The complete program is shown below, largely following the example from ¹.

// Adds 1+...+10
    @i
    M=1
    @sum
    M=0
(LOOP)
    @i
    D=M
    @10
    D=D-A
    @END
    D;JGT
    @i
    D=M
    @sum
    M=D+M
    @i
    M=M+1
    @LOOP
    0;JMP
(END)
    @END
    0;JMP

The program structure is straightforward, consisting of three parts: variable initialization, a loop for addition, and an infinite loop as termination.

Before diving into the specific instructions, let's first look at a dynamic view of the program running:

Now let's analyze the program instructions in detail.

1. Variable Initialization

Two variables are initialized here: i and sum. Since variables are stored in memory, we need to learn how instructions declare and initialize variables in memory.

First, the @ instruction — as introduced previously, @value is called the A-Instruction, which sets the A register to value. The value can be a non-negative decimal number or a symbol referring to such a number.

Next is the M instruction, which assigns a value to memory — effectively M[A].

The Hack ALU is designed to compute a fixed set of functions on the D, A, and M registers (where M stands for Memory[A]).

When the CPU operates on memory, it first needs to know the memory address. The CPU interacts directly with registers, so the address must be stored in a register. In the hack computer's instruction design, the A register is used for this purpose. Therefore, M=1 actually means M[A]=1 — using the A register's value as the memory address and assigning it the value 1.

With these two instructions understood, the initialization code becomes clear:

    @i
    M=1
    @sum
    M=0

1. Declare variable i: set the A register to i, then use the M instruction to initialize M[i] to 1.
2. Declare variable sum: set the A register to sum, then use the M instruction to initialize M[sum] to 0.

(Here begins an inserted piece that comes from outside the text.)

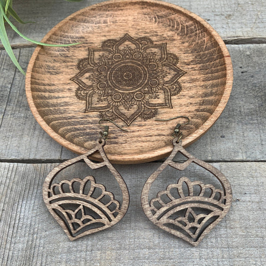 Wood Mandala Statement Boho Earrings - Lightweight - Gypsy Style

This is equivalent to the following in a high-level language:

i=1;
sum=0;

But there's a question: both i and sum are symbols that should refer to non-negative decimal numbers, yet there's no code initializing the symbols themselves.

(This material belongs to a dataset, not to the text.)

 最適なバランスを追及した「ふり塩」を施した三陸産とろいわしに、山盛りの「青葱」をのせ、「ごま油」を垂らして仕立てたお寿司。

In practice, when the assembly code is compiled into hack computer byte-code (this happens automatically when loading the program into the CPU emulator), the compiler automatically replaces symbols i and sum with non-negative decimal numbers. In the actual running byte-code, there's no concept of symbols. For example, when this assembly code is loaded into the emulator:

i is replaced with 16, and sum with 17. After the first four instructions execute, memory address 16 (variable i) holds the value 1, and memory address 17 (variable sum) holds 0.

2. Loop Addition

In a high-level language, this logic would be:

for(;i<=10;i++) {
    sum += i;
}

Let's see how hack computer assembly implements this.

(LOOP)
    @i
    D=M
    @10
    D=D-A
    @END
    D;JGT
    @i
    D=M
    @sum
    M=D+M
    @i
    M=M+1
    @LOOP
    0;JMP

1. @i: set the A register to i (which is 16).
2. D=M: i.e., D=M[16], assign the value at memory address 16 to the D register — equivalent to D=i. After execution, D equals 1.
3. @10: set the A register to 10 — this is the loop condition.
4. D=D-A: D is 1, A is 10. The ALU performs subtraction on the D and A registers. After execution, D equals -9. Before execution:

   

   After execution:

   

5. @END: set the A register to END (replaced by the compiler with 18), preparing for the next jump instruction.
6. D;JGT: check if D is greater than 0. If so, jump to the END address — this sets the loop exit condition. Since D (-9) is less than 0, no jump occurs.
7. @i and D=M: similar to instructions 1 and 2, assign the value at memory address 16 to D. After execution, D equals 1.
8. @sum and M=D+M: retrieve the value of sum (memory address 17, currently 0), add D to it (this is the first addition to sum — adding 1), and store the result back to memory address 17, which now becomes 1.

   

9. @i and M=M+1: retrieve the value of i and increment by 1 — equivalent to i++.
10. @LOOP: set the A register to LOOP (replaced by the compiler with 4), preparing for the next jump instruction.
11. 0;JMP: unconditional jump to the LOOP position, i.e., start executing from instruction at PC counter 4, beginning the next loop iteration.

    

This completes the first iteration of the loop. The loop runs 10 times in total to compute the sum of 1 to 10.

3. Program Termination

After 10 iterations, sum (memory address 17) equals 55, and i (memory address 16) is 11. Continuing execution to instruction 7 (D=D-A), with D=11 and A=10, D becomes 1 after execution. Then instruction 9 (the jump instruction) triggers because D>0, jumping to the END position (instruction 18), which enters an infinite loop as termination — as introduced in the previous post.